The air hung thick with rebellion when Paul wrote to Ephesus. You walked in step with the world’s rhythm, obeying cravings as naturally as breathing. Death wasn’t a metaphor – your lungs filled with spiritual decay. Then God’s mercy crashed through the tomb. He yanked you upright, breathing Christ’s resurrection life into your collapsed chest. Grace stormed the graveyard. [01:48]
This rescue wasn’t gentle rehabilitation. Corpses don’t self-repair. The same voice that shouted Lazarus from death now shouts you into sonship. Your new heartbeat syncs with Christ’s throne-room rhythm, seated where no enemy treads.
When temptations whisper you’re still that old corpse, how will you rehearse your resurrection résumé?
“But because of his great love for us, God, who is rich in mercy, made us alive with Christ even when we were dead in transgressions—it is by grace you have been saved.”
(Ephesians 2:4-5, NIV)
Prayer: Thank Jesus aloud for three specific ways His resurrection life changed you.

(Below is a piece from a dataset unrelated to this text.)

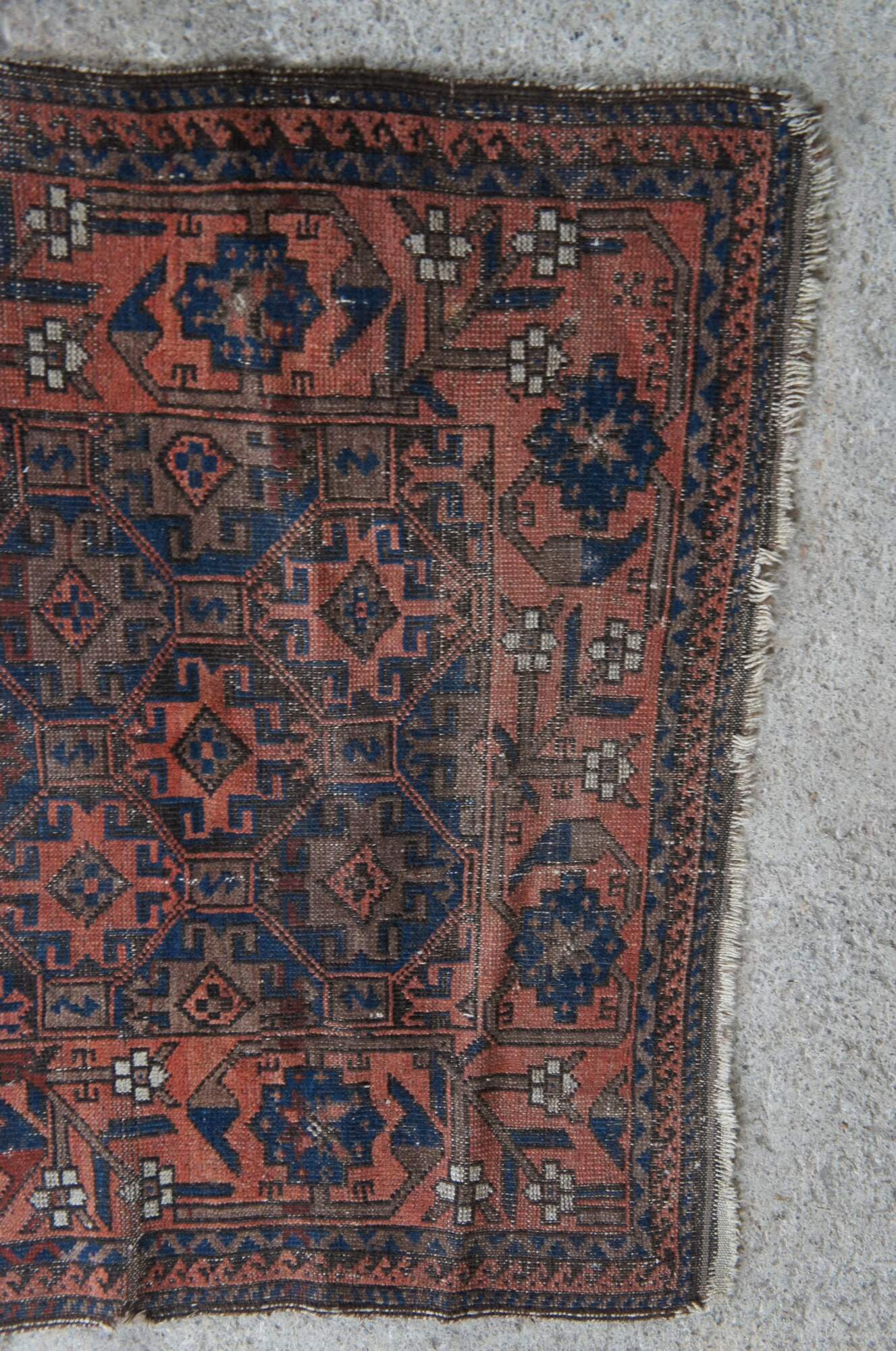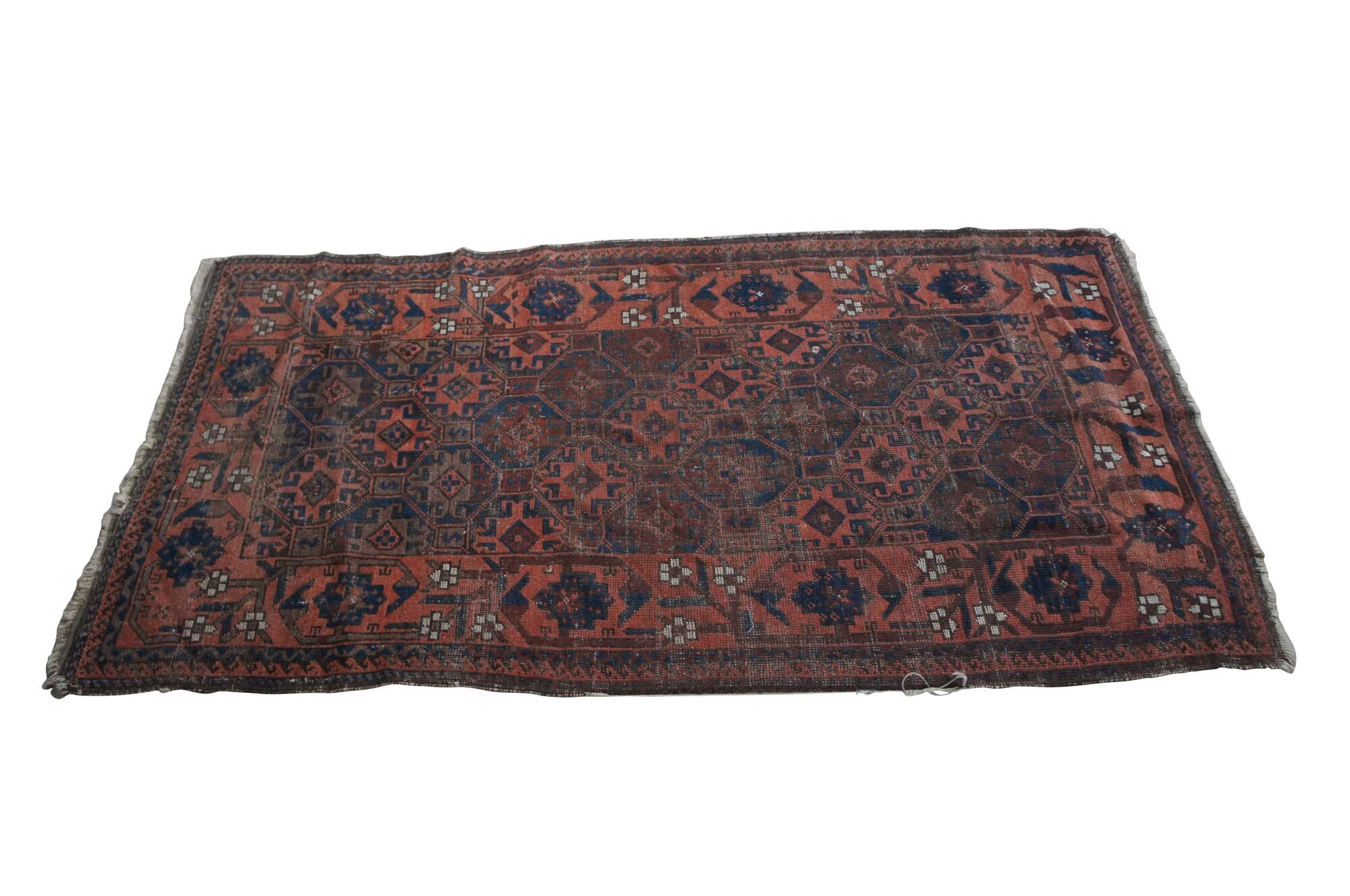 Red & Blue hand Woven wool prayer rug. Features floral accents and geometric medallions. 3 x 5

Challenge: Write “DEAD MADE ALIVE” on your mirror. Testify this truth to one person today.
Paul named your old commander: the prince prowling earth’s atmosphere. This wasn’t metaphor to Ephesus. They knew spirits nested in coastal winds and harvest breezes. You breathed his lies like oxygen – self-rule disguised as freedom, compromise packaged as wisdom. His broadcasts still static the airwaves. [03:37]
Satan’s limited. He can’t omnipresence like God. His “kingdom of the air” is a rebel radio tower, not the sun. But static distracts. A single lie looped enough times starts sounding like truth.
What frequency have you left unchecked?
“As for you, you were dead in your transgressions and sins, in which you used to live when you followed the ways of this world and of the ruler of the kingdom of the air.”
(Ephesians 2:1-2, NIV)
Prayer: Confess one area where worldly static still muffles God’s voice.
Challenge: Delete one app/media source feeding you the world’s frequency for 24 hours.
Paul didn’t romanticize battle. Roman soldiers clanked down Ephesian streets daily – greaves guarding shins, breastplates dented from last week’s brawl. Your fight’s not against Karen or the rude driver. Flesh-blood enemies are pawns. The real war? Against the addiction’s whisperer, the rage-stoker, the despair-peddler. [14:51]
Jesus didn’t give metaphors. Truth belts your gut. Righteousness armors your heart. Gospel shoes dig into mud. Faith shields catch hell’s flamethrowers.
Which piece feels loosest today?
“Put on the full armor of God, so that you can take your stand against the devil’s schemes.”
(Ephesians 6:11, NIV)
Prayer: Dress mentally in each armor piece while naming a current battle.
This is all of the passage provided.